Uncertainty happens when you begin to see things in the world that don’t make sense to you. The things you thought you knew — the things that helped you feel stable and clear — are now in question.
And my goodness. This current state for us all is hard. While we all crave certainty in varying degrees — it is safe to say that at the time of writing, we are experiencing a mixture of hope and fear that is unnerving for everyone.
Hope and fear are something experienced by all of us and is embedded in the structure of our brain. The ‘flight or fight’ response has evolved in our frontal cortex. Recent studies indicate that directing our thoughts towards the positive — hope — results in our frontal cortex communicating with subcortical regions deep in our brains. Hence, the human tendency to embrace a posture of creativity that is grounded in hope has led to the survival of our species is a consequence of our evolution.
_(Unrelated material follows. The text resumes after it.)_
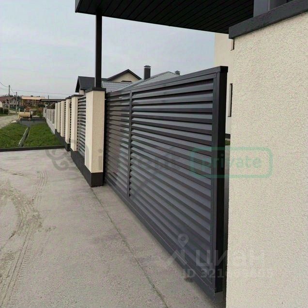 Благоустроенная территория, стильный забор и откатные ворота с электроприводом.
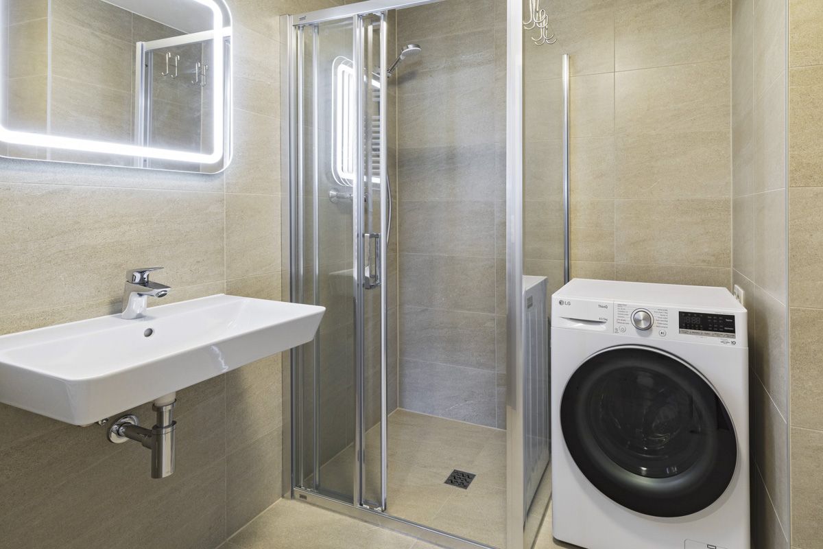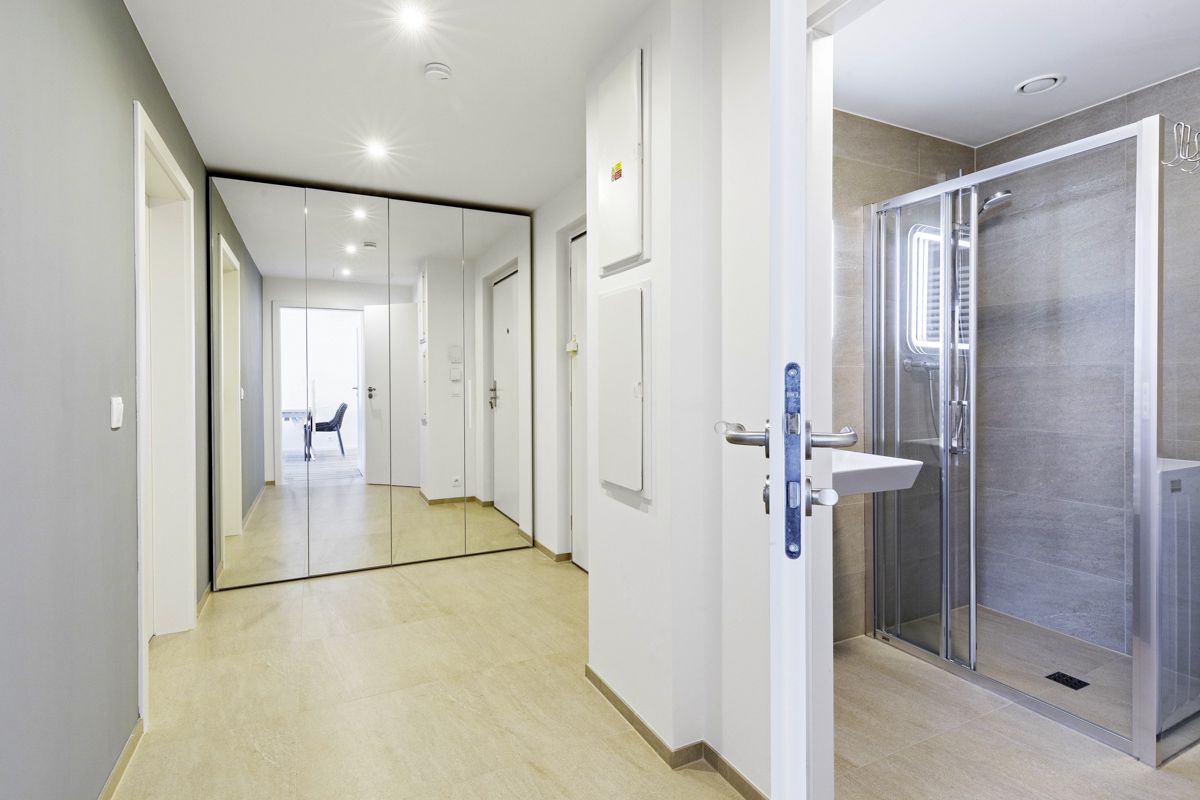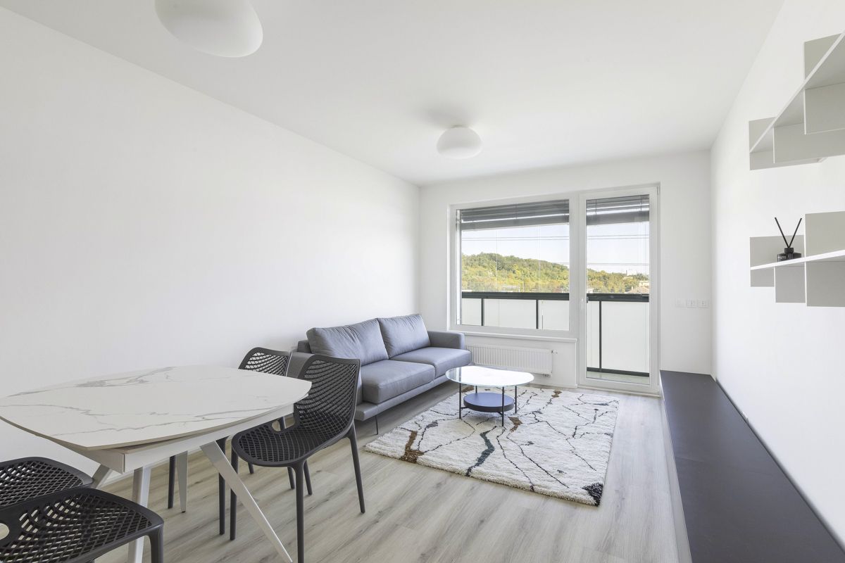 Tento světlý zařízený byt 2+kk k pronájmu nabízí k užívání vstupní chodbu, prostorný obývací pokoj, plně vybavenou kuchyni. Ložnice, koupelna (sprchový kout a toaleta). K bytu náleží prostorná lodžie, okna na celém bytě mají trojitá skla chránicí před hlukem. Celý byt spolu se zařízením je úplně nový a všechno bylo vybírané na míru s pomocí architekta. K bytu patří sklep, který se nachází na stejném patře přímo naproti výtahu a garážové stání. Součástí rezidenční budovy je místnost pro kočárky a další místnost pro mytí kol a psů.

In their book, Creative Confidence, Tom and David Kelley from IDEO underline the importance of us learning to be comfortable with uncertainty and instead of being paralysed by the prospect of failure. In essence, we should embrace uncertainty as an opportunity to be able to leap into action.
A time of uncertainty can be a learning moment if we decide to tolerate ambiguity even when we are not sure if we are on the right path.
Don’t Look Down
Psychologist Robert Sternberg, who has done lots of research on intelligence, wisdom, creativity, and leadership tells us that all the creative people he has studied had one thing in common, in that when they when deciding to be creative, they tended to:
— Redefine problems in new ways to seek out solutions
— Take sensible risks and accept failure as part of the creative process.
— Confront the obstacles that arise from challenging the status quo.
— Tolerate uncertainty.
— Develop a thirst to keep adding to their skill set, rather than letting their knowledge stagnate.
Sternberg adds:
“deciding to be creative does not guarantee that creativity will emerge, but without the decision, it certainly will not”.
To bring yourself back to a calm state of knowing, you have to generate a new “eureka ” moment inside your mind that reframes your old information with the new information. A mental model that, through the force of your imagination and intelligence, connects those dissonant dots into new meaning.
Learning isn’t about the consumption of new information. Learning is the process of using our innate abilities to construct — or create — new understandings of the world.
Learning, by its very nature, is a creative act.
We are living in a paradox of equal measures of anxiety and excitement for the unlimited opportunities that currently exist for ordinary folks who love to design to disrupt the world with human-centered approaches to micro and macro problems- and for the pain and suffering of millions of people across the globe.
There is a belief out there that designers of change are always optimistic and confident, but that has never been my experience. Creativity isn’t always enjoyable. One will experience a range of emotions that acknowledge a profound vulnerability necessary to develop creative solutions.
The most important thing any leader, teacher, or manager can make explicit is that you understand being creative is hard work, that we are in an unprecedented time of uncertainty, and there will be many dead-ends ahead.
Lastly, in this time when people are connected emotionally more than ever before. Harnessing the power of empathy will be a vital tool to help leaders navigate this uncertainty and turbulence by merely saying to folks who matter most to you:
“I know you know I know this is hard, and I care”.